Refer to Fix WordPress PHP Session Problems on Pantheon with a Script for more information.

Sessions and Scalability

Starting a session for every user is an application anti-pattern. Serving pages to users with sessions cannot be done out of a cache, so creating a session for every visitor inherently makes your application unscalable.

Our plugin provides an admin screen to see how many sessions have been started. You can also examine the headers being sent by your website. If you start a new incognito window and see a PHPSESS cookie being sent in response to a request for your site, you have some over-eager sessions code.

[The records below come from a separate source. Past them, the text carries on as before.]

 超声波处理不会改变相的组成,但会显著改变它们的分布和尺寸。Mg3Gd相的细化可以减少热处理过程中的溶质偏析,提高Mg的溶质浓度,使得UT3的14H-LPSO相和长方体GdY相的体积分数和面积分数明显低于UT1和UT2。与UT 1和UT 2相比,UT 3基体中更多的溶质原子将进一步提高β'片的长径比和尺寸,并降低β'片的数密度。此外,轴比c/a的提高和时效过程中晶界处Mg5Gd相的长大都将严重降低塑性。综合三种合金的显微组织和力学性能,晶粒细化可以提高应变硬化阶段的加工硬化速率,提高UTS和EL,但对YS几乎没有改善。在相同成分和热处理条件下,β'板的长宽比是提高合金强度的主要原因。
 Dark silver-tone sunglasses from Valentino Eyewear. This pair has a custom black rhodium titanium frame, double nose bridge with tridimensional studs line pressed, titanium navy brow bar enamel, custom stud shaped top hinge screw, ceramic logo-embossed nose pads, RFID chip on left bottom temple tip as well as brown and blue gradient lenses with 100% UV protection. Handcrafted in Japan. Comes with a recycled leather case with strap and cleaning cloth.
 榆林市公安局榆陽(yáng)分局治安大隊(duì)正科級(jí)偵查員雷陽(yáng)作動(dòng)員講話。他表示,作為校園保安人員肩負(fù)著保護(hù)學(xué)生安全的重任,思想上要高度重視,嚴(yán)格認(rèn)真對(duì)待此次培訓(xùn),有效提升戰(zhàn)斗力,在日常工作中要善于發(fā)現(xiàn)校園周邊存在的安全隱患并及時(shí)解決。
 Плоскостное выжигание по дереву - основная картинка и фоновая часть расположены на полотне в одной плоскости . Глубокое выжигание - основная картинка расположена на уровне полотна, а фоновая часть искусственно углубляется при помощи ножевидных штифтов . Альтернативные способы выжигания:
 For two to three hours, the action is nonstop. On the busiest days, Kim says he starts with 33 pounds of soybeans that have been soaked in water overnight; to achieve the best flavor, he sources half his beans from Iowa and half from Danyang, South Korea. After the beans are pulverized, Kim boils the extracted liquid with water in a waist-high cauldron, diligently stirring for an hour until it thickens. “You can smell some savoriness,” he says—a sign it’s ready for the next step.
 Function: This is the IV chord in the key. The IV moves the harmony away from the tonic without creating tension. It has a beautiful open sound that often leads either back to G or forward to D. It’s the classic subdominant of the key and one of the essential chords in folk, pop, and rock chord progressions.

Command line users can use this quick snippet to test:

curl -Is https://www.getpantheon.com | grep PHPSESS|wc -l

You should substitute your site URL in the example, and the desired output is "0" (zero).

If your site is overaggressively starting sessions, you should search through the codebase for references to session_start() or $_SESSION to see where it is happening and develop a workaround. If the code is in a community plugin, open an issue on WordPress.org to alert the author to the problem and share your solution.